As I continue to opine post-ChannelCon (the annual CompTIA conference held in early August in Austin, TX), I’ve collected my thoughts about an extended conversation I had with Marc Monday, SAP Vice President, Partnerships and Ecosystems, at the event. Monday and I crossed paths back in the day during his seven-year
tenure at Microsoft as a Senior Director (he departed Microsoft in late 2012 for VMware).
First some context. SMB Nation has historically had a distant relationship with SAP. If for no other reason than it was just to great people who couldn’t be in a marriage together. In the past, there was no confusion that SAP was focused on large enterprises, etc. SMB Nation essentially the opposite. It appears that is now changing.
This is a start over story for MSPs seeking the next great thing!
“Make no mistake about it. Moving forward SAP is going big in the channel.” Monday shared. “In the past, partners such as SMB Nation, might have thought SAP was too big, too complicated and perhaps a direct threat.” SAP wants to demystify that.
Monday shared that SAP wants to meet you where you (the partner) are. You have customer fluency, customer intimacy, and the partner has the customer relationship. “Whether you started in IT-side, started in Cloud Services, or the business-side, SAP wants to be your partner in the partner lifecycle: awareness, enablement, execution, sales, scale.” Monday added. Right now we are doing a lot of awareness.
Marc Monday (left), Jennifer Hallmark, Sachin Vora and myself talking SAP and Concur!
So how would an SMB Nation partner, looking to reboot into a business realm, work with SAP? SAP co-sell model is capitalizing on the trusted business advisor status the partner has with the customer (e.g. the oft-used example of the banker, accountant, lawyer, then the IT professional/MSP being the trusted advisors).

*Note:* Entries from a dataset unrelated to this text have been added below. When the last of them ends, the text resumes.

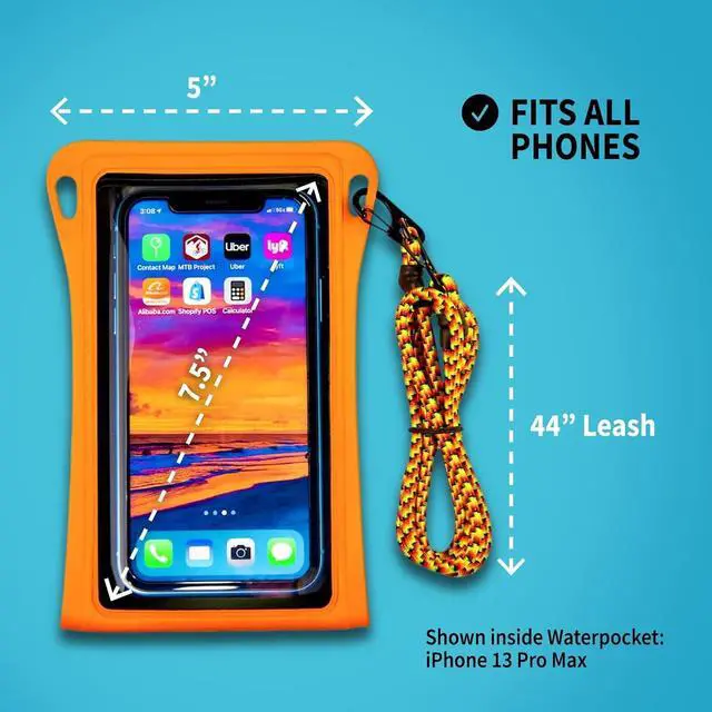 ALL Apple iPhones: 14 Pro Max, 14 Pro, 14, 13 PRO MAX, 13 PRO, 13, 12 PRO MAX, 8, + etc. Samsung Galaxy S22 Ultra, A53, A13, A23, S10 +, etc. Great for the beach and other recreational water adventures. Most users will even be able to keep an average sized protective cover on their phone while using the Waterpocket.
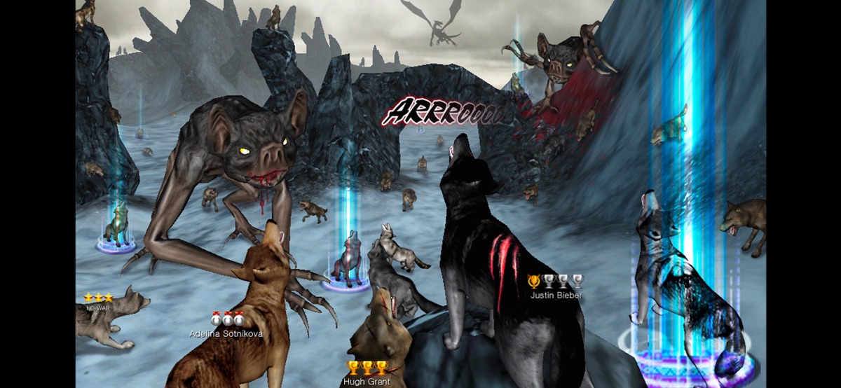 Началась охота волков ради существование и развития своего семейства. Можно участвовать в охоте,выбрав одно из 3(горный,снедный,грубый) семейства и члено их.Чтобы существовать в месте охоты,надо выучить свой навык,постоянно охотиться.Чтобы быстрее расти,надо победить между семействами.В местах охота,разделенных на 6 особенностей,есть не только нагульных скотов(заяц,олень,жираф и т.д.),но и звери,угрожающие и акакующие вас(тигр,лев,носорог и т.д.) Если вы встретите легендарных монстров,которых вы не можете победить,позовите своих друзей,пожалуйста.Сразу соберется,услышав ваш крик.Когда вы готовы,идите сразу в место охоты для волков.
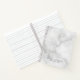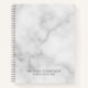 Professional notebook features custom name and text in grey classic serif font style on white marble background.
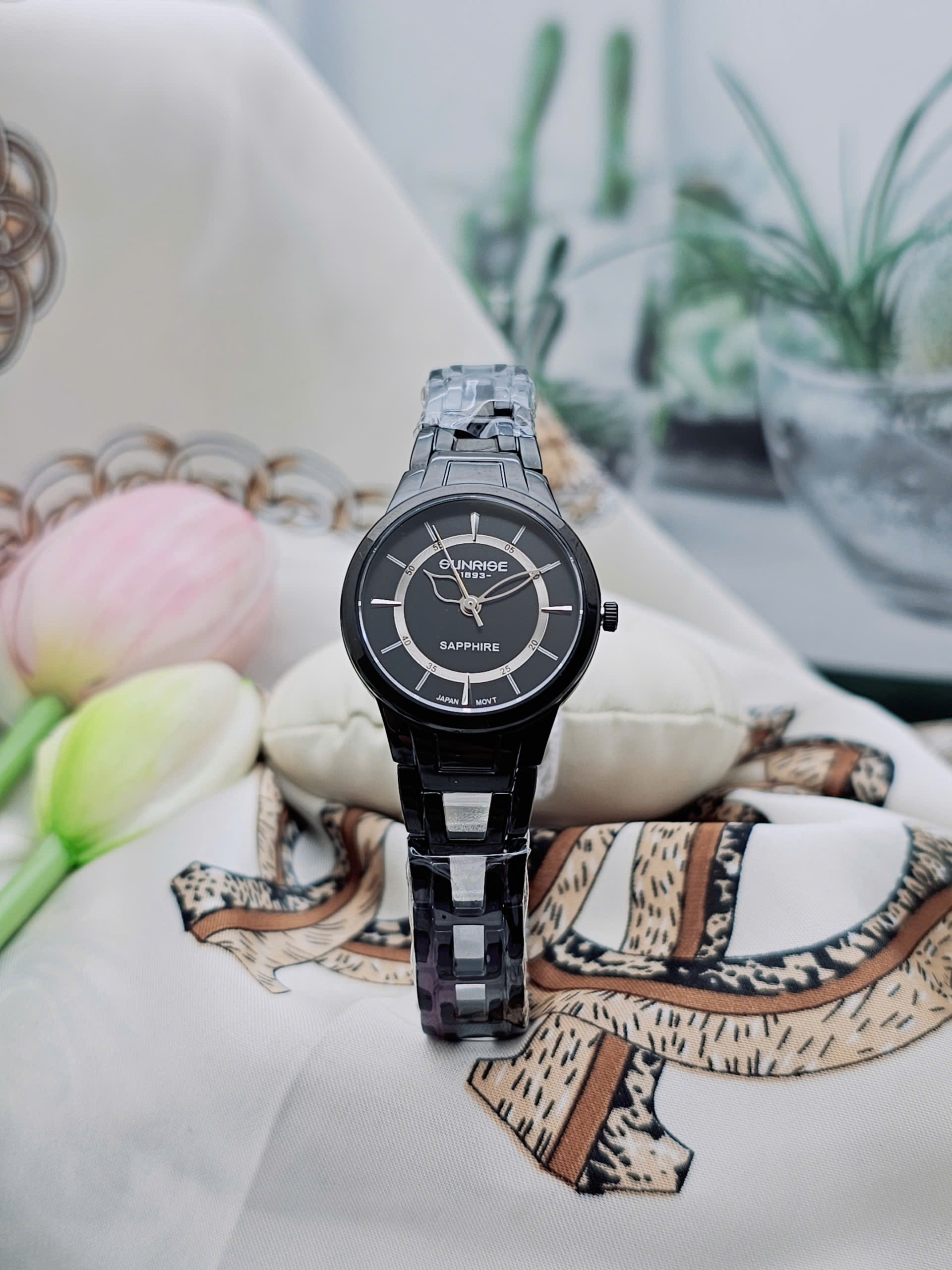 Đồng hồ nữ SUNRISE 9976SA-BkBk-SBk là mẫu thiết kế nổi bật đến từ thương hiệu Thụy Sỹ, gây ấn tượng với tông màu đen (Black) full black cá tính và hiện đại. Với đường kính mặt số 26mm, sản phẩm mang đến vẻ đẹp cân đối, thanh lịch nhưng vẫn đủ nổi bật trên cổ tay nữ giới. Đây là lựa chọn lý tưởng cho khách hàng đang tìm kiếm đồng hồ nữ SUNRISE chính hãng phong cách mạnh mẽ, sang trọng và dễ phối đồ.

With respect to the co-selling motion, “…the compelling story is how can we save the customer money - for example - digitizing expenses, etc. The challenge we have with the partners, MSPs and VARs is we have to get them comfortable shifting from selling compute to selling business solutions. We're not asking you to learn SAP…especially all in a day. This is a co-sell model.” Monday said.
“We're not asking you to get an MBA overnight. What we're saying is that you have some customer fluency. We want to arm you with the next few questions: inventory management, cost control, etc. What's the customer pain? Once we've identified that, the beauty is that the partner saddles up with the SAP representative to go get the business.” Monday shared. “We are looking for hungry partners willing…not afraid…not afraid to go to the CFO…”
Monday added “Partners need to be educated on what problem the customer is trying to solve - cash flow, expense management, spend…we’re trying to create a community for the partner to realize with SAP, they can tell Mr. Client that ‘I can help you with that’.”
Partner evidence? Monday offered up a success story. An SAP partner, Orchestra Software (Portland, OR), has a niche in breweries. It’s developed customer fluency leading to several industry awards including a listing on the Inc. 5000 list in 2016.
Finally, I circled back to an original concern about SAP playing in the SMB space. I asked Monday if there is such a thing as a Baby SAP? Essentially the answer is not explicitly. “We have a "business by design" framework where we can meet the customer where they are. And for the partner, we want to help you have a line-of-business conversation.”